(Data items)
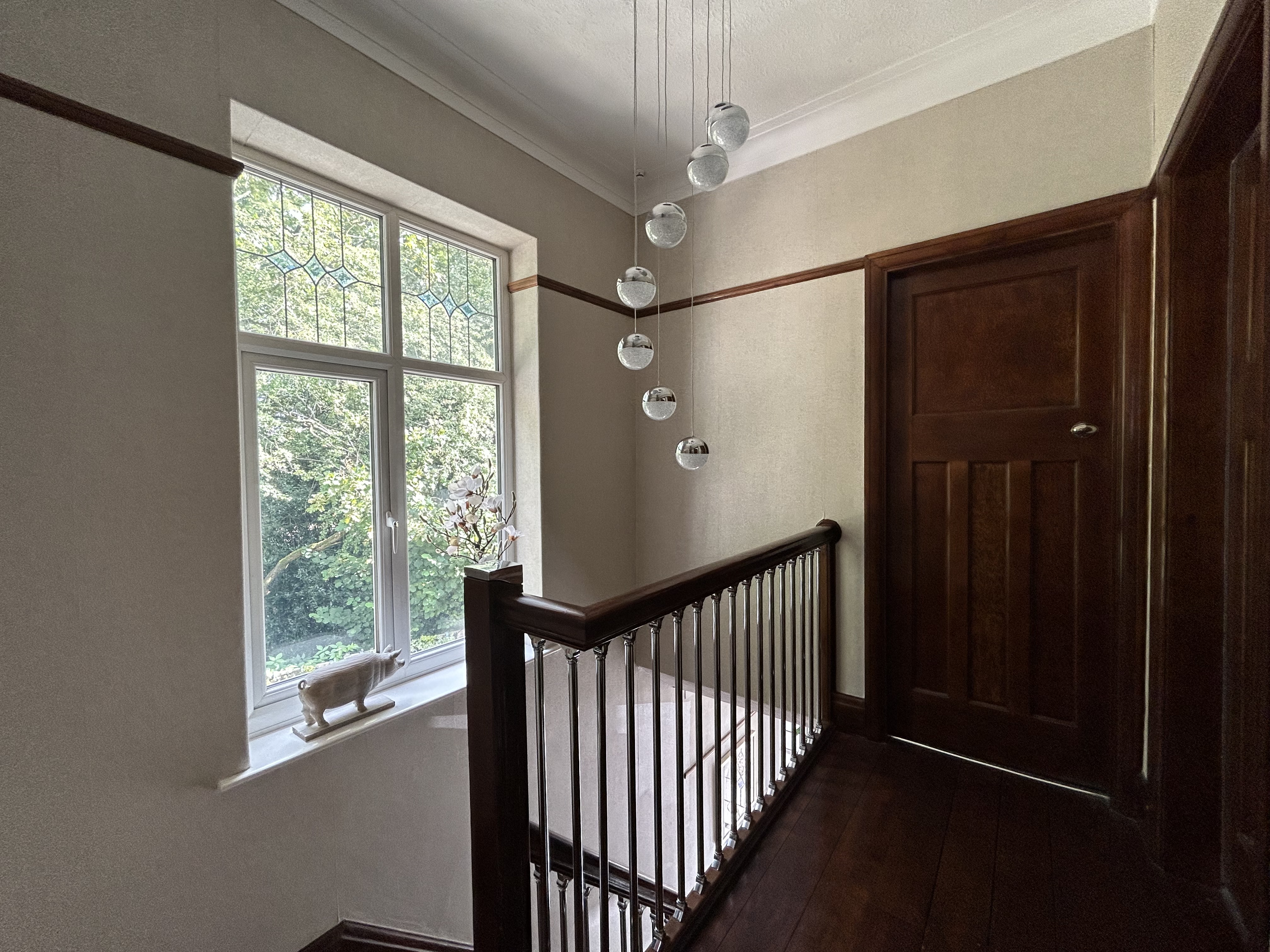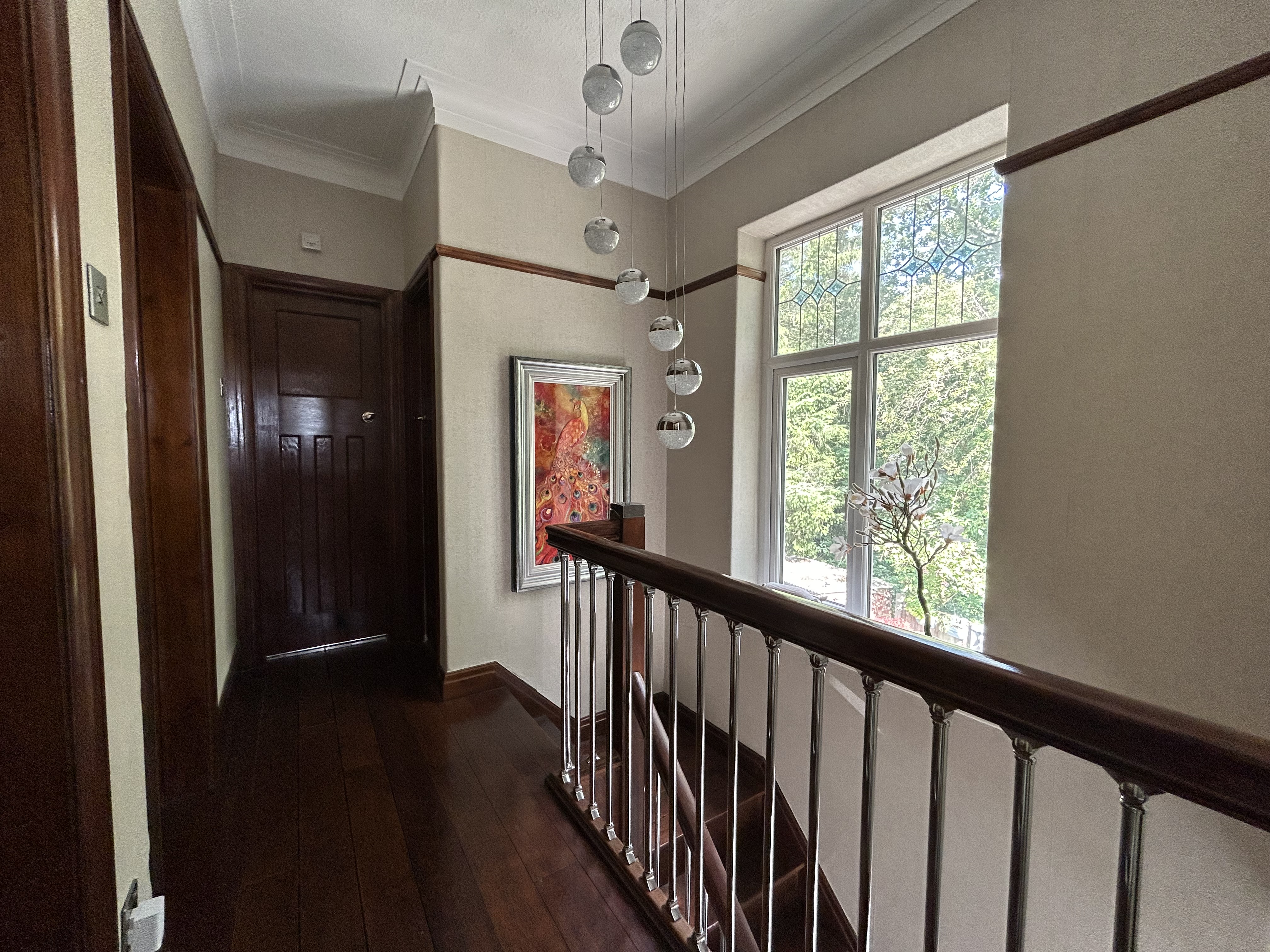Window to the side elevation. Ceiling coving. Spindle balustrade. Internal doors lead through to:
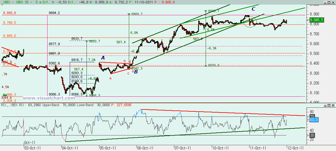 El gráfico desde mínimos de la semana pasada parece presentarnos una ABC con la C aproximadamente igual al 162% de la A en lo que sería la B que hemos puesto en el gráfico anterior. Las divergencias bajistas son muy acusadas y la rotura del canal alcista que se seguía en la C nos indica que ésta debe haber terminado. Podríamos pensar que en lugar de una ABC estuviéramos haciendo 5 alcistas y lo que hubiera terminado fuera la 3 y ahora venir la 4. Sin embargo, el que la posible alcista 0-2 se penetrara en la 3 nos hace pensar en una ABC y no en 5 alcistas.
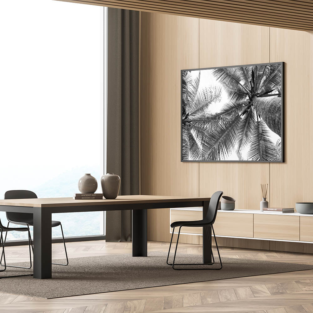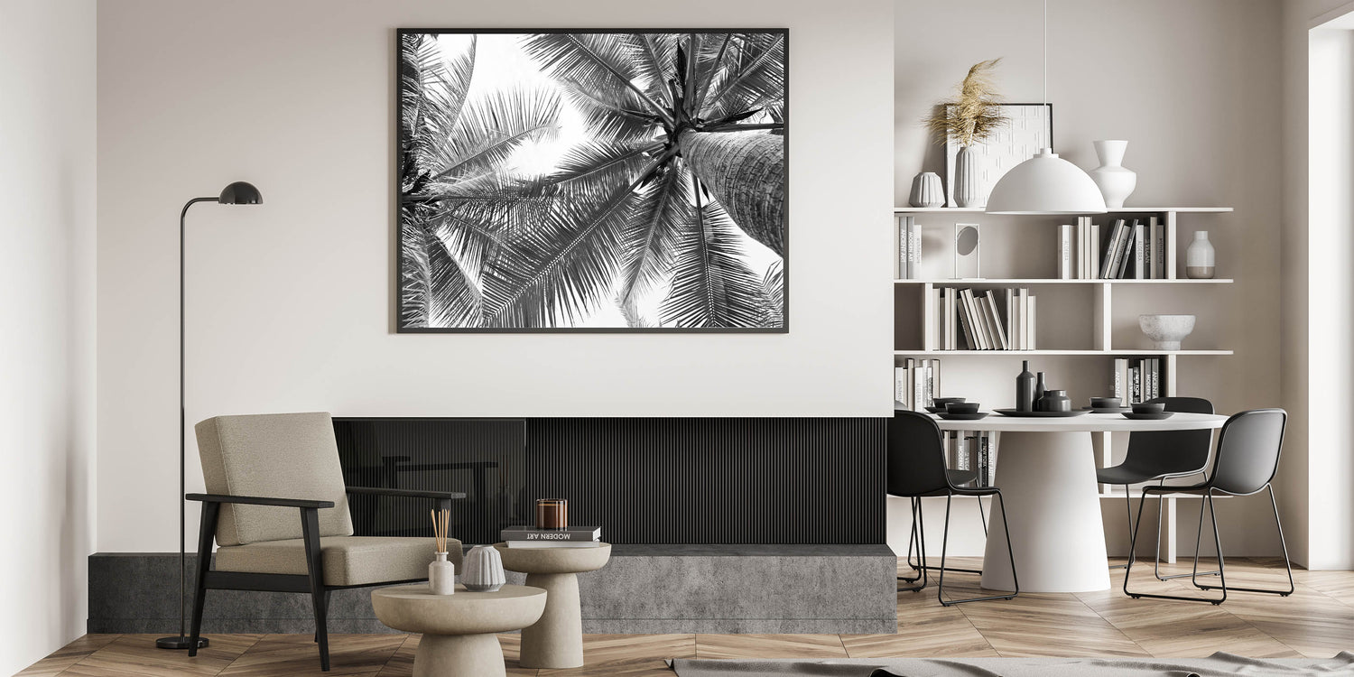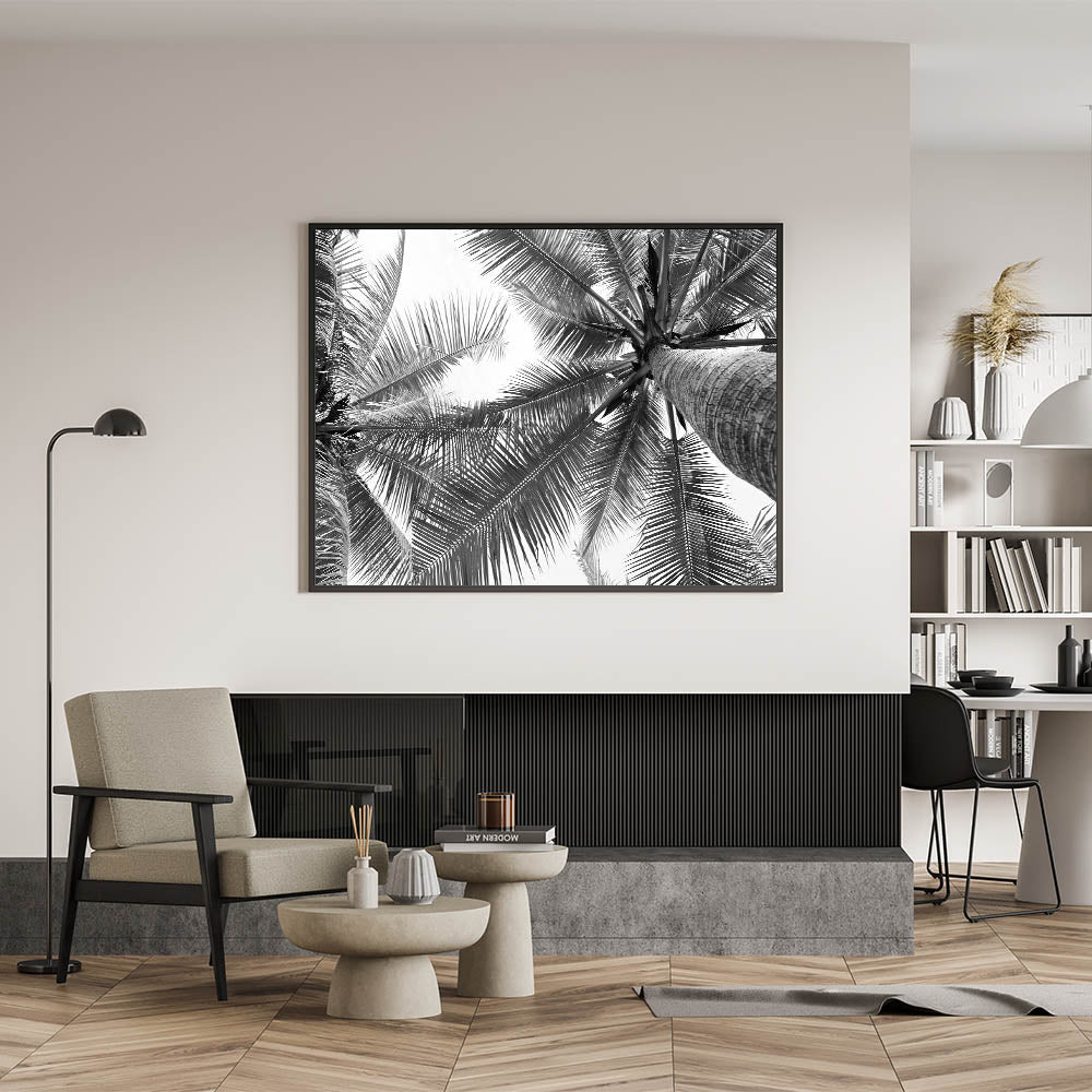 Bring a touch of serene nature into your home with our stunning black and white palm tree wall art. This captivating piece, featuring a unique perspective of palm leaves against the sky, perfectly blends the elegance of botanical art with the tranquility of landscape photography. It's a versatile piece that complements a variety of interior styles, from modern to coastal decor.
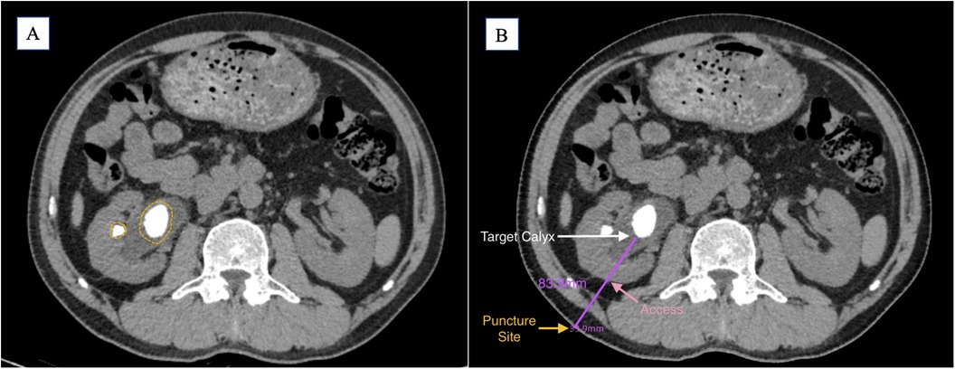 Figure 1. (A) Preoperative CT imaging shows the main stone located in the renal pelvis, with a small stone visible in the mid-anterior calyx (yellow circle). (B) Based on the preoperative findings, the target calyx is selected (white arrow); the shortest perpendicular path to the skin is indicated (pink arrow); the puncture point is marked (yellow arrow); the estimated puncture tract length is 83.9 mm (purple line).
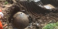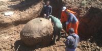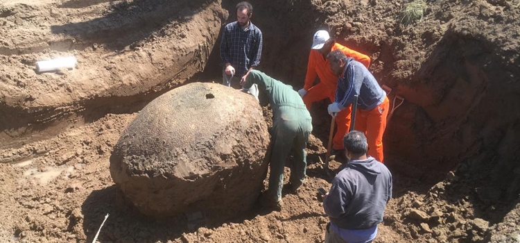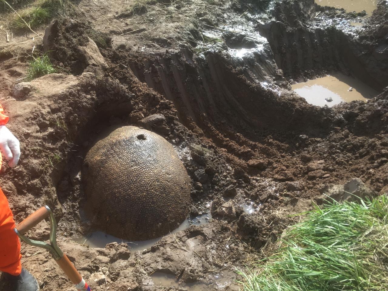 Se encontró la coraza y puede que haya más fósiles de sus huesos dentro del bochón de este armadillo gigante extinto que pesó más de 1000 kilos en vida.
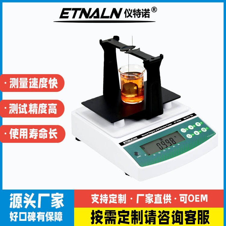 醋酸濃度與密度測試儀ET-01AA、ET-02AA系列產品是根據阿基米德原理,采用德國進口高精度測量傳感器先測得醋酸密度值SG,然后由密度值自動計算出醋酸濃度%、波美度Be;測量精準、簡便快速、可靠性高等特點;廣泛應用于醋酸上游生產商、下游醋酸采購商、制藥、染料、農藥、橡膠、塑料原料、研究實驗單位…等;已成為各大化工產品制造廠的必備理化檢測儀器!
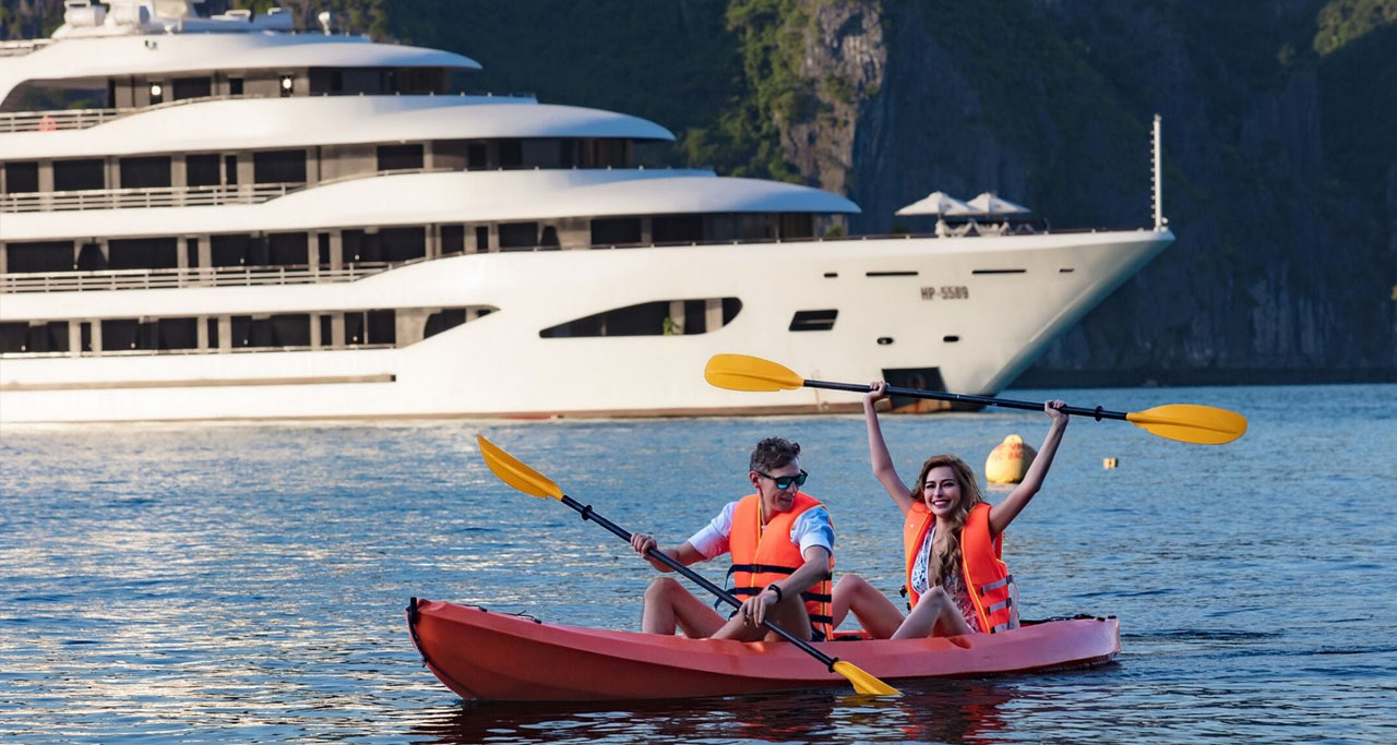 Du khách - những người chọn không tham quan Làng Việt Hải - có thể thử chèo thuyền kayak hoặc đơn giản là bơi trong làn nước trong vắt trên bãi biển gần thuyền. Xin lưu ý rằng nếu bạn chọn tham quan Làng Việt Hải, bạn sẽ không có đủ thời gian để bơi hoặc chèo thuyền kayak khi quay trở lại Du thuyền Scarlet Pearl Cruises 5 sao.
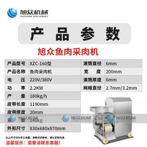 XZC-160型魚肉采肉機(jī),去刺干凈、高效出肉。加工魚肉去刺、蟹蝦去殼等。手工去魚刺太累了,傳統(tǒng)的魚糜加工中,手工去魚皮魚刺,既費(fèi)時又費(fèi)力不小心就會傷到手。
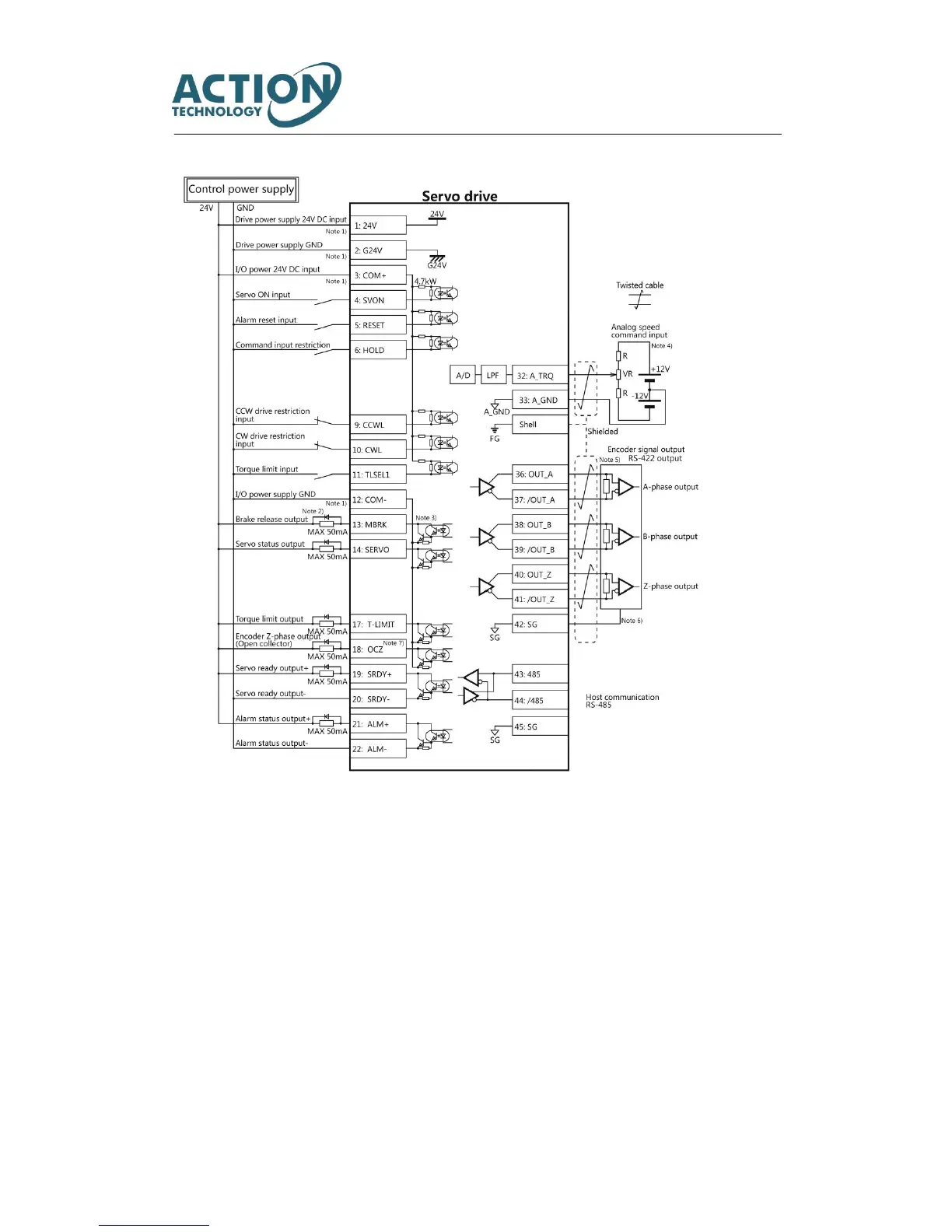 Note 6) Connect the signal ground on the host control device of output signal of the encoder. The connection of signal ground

AIM OF THE TASK — Above are the records; copy exactly the lines from the one with "Bring a touch" through the one with "醋酸濃度與密度測試儀ET-0", including both, and nothing more. Leave out pictures.

ANSWER SPACE —
 Bring a touch of serene nature into your home with our stunning black and white palm tree wall art. This captivating piece, featuring a unique perspective of palm leaves against the sky, perfectly blends the elegance of botanical art with the tranquility of landscape photography. It's a versatile piece that complements a variety of interior styles, from modern to coastal decor.
 Figure 1. (A) Preoperative CT imaging shows the main stone located in the renal pelvis, with a small stone visible in the mid-anterior calyx (yellow circle). (B) Based on the preoperative findings, the target calyx is selected (white arrow); the shortest perpendicular path to the skin is indicated (pink arrow); the puncture point is marked (yellow arrow); the estimated puncture tract length is 83.9 mm (purple line).
 Se encontró la coraza y puede que haya más fósiles de sus huesos dentro del bochón de este armadillo gigante extinto que pesó más de 1000 kilos en vida.
 醋酸濃度與密度測試儀ET-01AA、ET-02AA系列產品是根據阿基米德原理,采用德國進口高精度測量傳感器先測得醋酸密度值SG,然后由密度值自動計算出醋酸濃度%、波美度Be;測量精準、簡便快速、可靠性高等特點;廣泛應用于醋酸上游生產商、下游醋酸采購商、制藥、染料、農藥、橡膠、塑料原料、研究實驗單位…等;已成為各大化工產品制造廠的必備理化檢測儀器!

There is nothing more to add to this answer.